JEFFERSON CITY, Mo. (DTN) -- Soybean growers in east-central and northeast Nebraska should begin scouting for soybean gall midge sooner rather than later this year. Researchers involved in a multi-state monitoring network sent out an alert June 5 that the pest has already emerged at five trapping sites.

"We detected the first adult gall midge on May 26, but it was a male, which doesn't infest soybean plants," said Justin McMechan, crop protection and cropping systems specialist at the University of Nebraska. "The first female was detected on May 31 near Mead in east-central Nebraska, and by June 4, soybean gall midge adults appeared in traps near Wahoo, Havelock and Weeping Water as well as in northeast Nebraska near Randolph."

Soybean gall midge is a tiny fly that lays its eggs on the stems of young soybeans plants. After the eggs hatch, the larvae feed on the tissues within the stem under the epidermis, disrupting nutrient and water movement. As they mature, the maggots turn from white to orange. Infested plants can quickly wilt and die or break off at the feeding site. Significant yield reductions may occur, especially at the field edge.

Plants are susceptible to infestation when they begin to develop small cracks or fissures on the stem at the base of the plant, typically at the V2 growth stage. These provide an entry point for females to lay eggs.

In a phone interview with DTN, McMechan expressed some concern that early planted soybeans in the region may be more vulnerable to infestation this year. Early cold weather followed by hot, dry conditions has kept many fields from developing as they would under more-normal conditions.

"A lot of those beans aren't as far along as we'd like on those early planting dates, and that's not good for growers," he said. "With a lot of those beans sitting at the V2-V3 growth stage, it puts them in a more susceptible window for potential injury and plant death."

While orange larvae were first observed in Nebraska in 2011, no specimens were collected or stored. It wasn't until 2018 that soybean gall midge was determined to be a new species that had not been documented. Since then, the Soybean Gall Midge Alert Network has found the pest in 155 counties in Iowa, Minnesota, Missouri, Nebraska and South Dakota, including 15 new counties last year.

McMechan said this year's initial emergence is slightly ahead of previous seasons. Once emergence begins, it typically continues for 25 to 35 days, though some overwintering sites have seen emergence last for 44 days.

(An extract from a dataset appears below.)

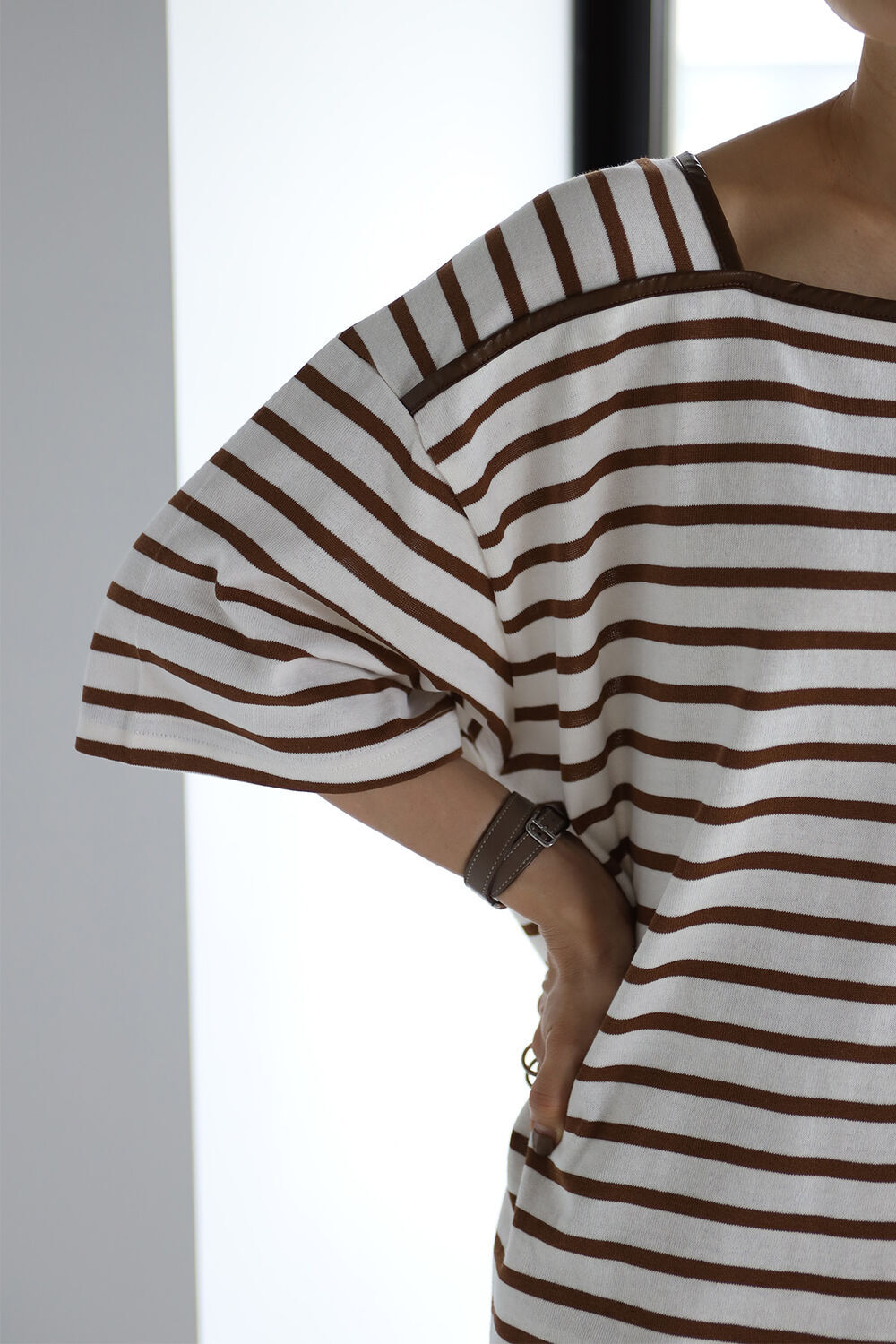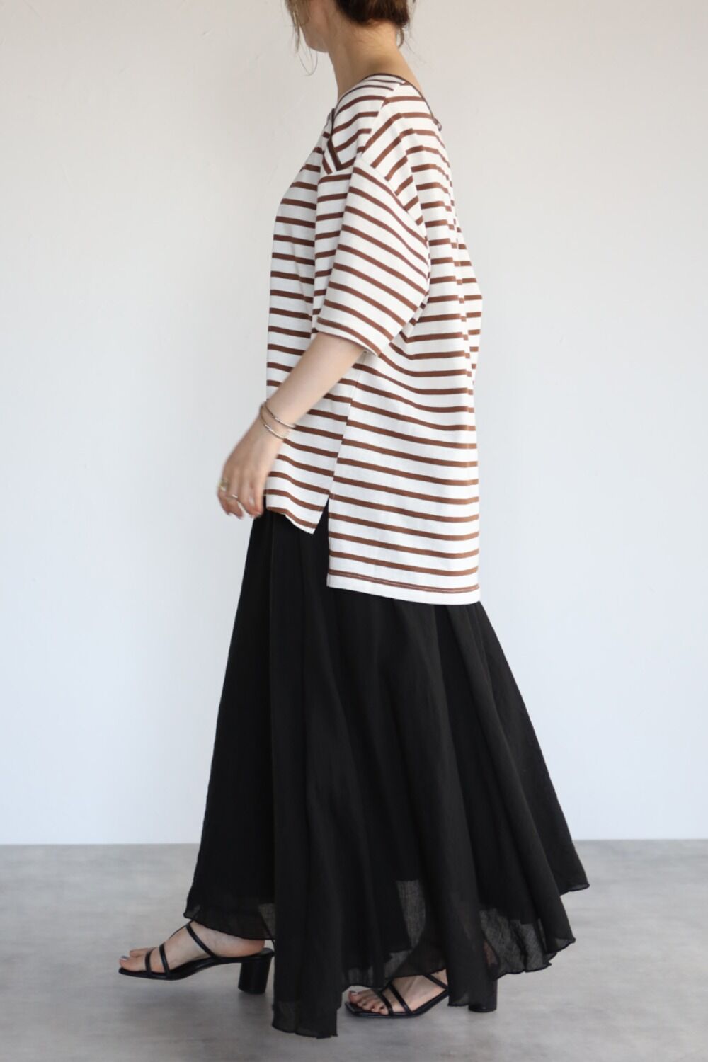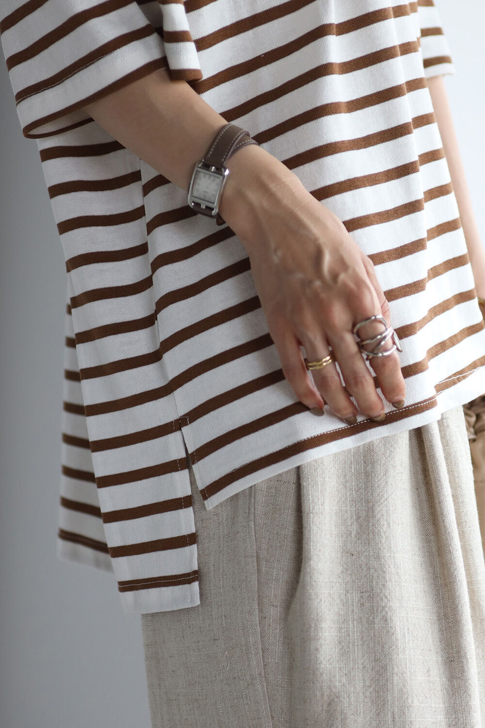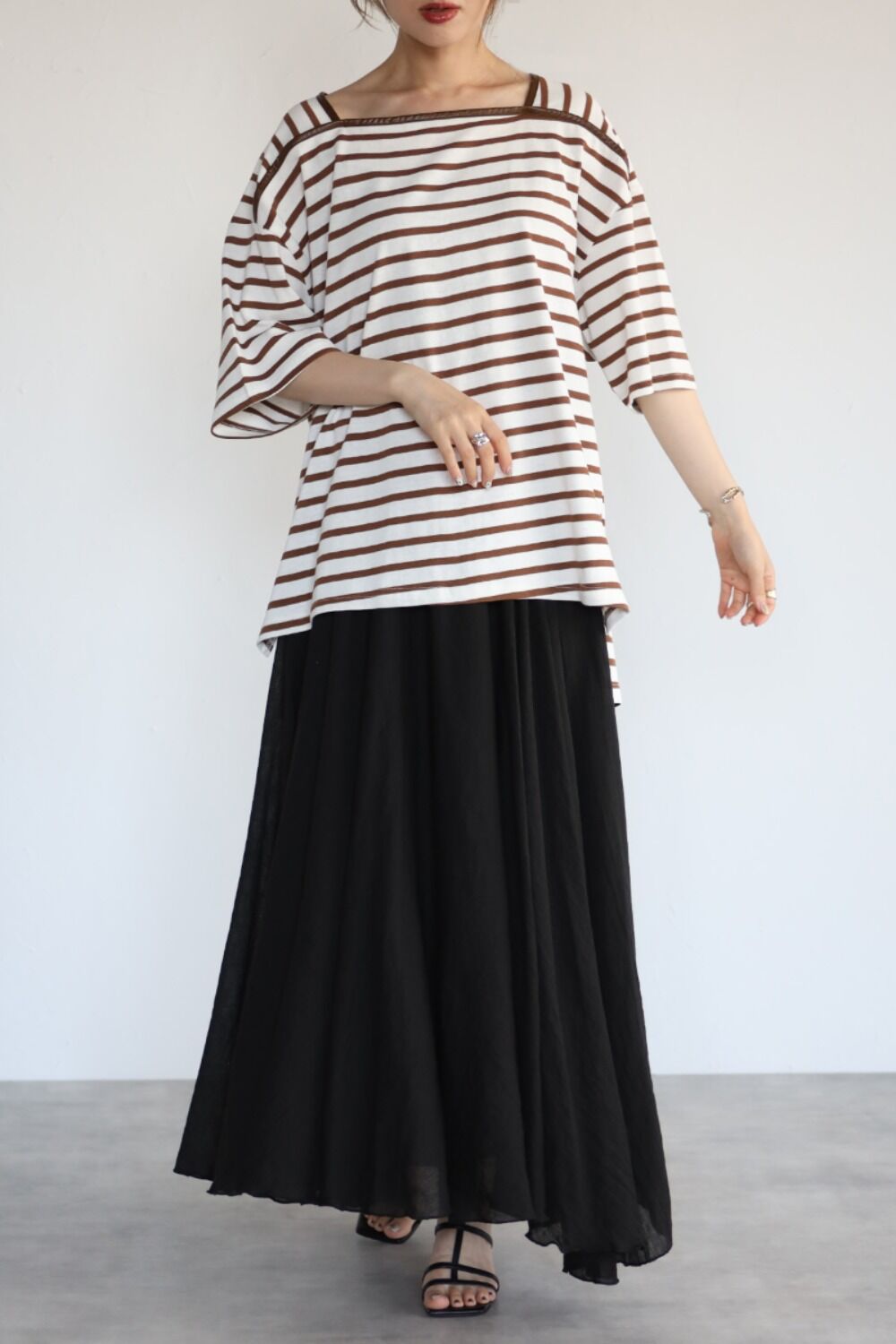 トレンドのブラウンのボーダーは大人っぽく合わせられる配色。

"We would expect that Minnesota and Iowa will begin picking up emergence in the next two weeks, but it could be sooner," he said. "Once emergence occurs, we start to see white larvae showing up in soybean stems within nine to 12 days."

Management for soybean gall midge has been a hit-or-miss proposition. Chemical control has shown some results, but foliar-applied insecticides have been inconsistent between locations and years. McMechan said growers should only consider applying if they have a history of issues with soybean gall midge and observed the pest in an adjacent field the previous season. He recommended using a combination product that contains a pyrethroid.

Since soybean gall midge is a field edge-infesting pest, growers may only need to treat the first 60 to 120 feet of a field edge. "The first four rows would be the best place to look for the larvae," McMechan added, noting that a foliar treatment prior to V2 isn't necessary because the plants have not developed the fissures or cracks at the base of the stem.

Infestation can also be controlled by covering the base of the soybean plants with soil. This "hilling" has been found to be a very effective strategy with almost complete control of soybean gall midge. However, the practice is difficult to implement when soybean plants are small, as they can easily be completely covered by soil.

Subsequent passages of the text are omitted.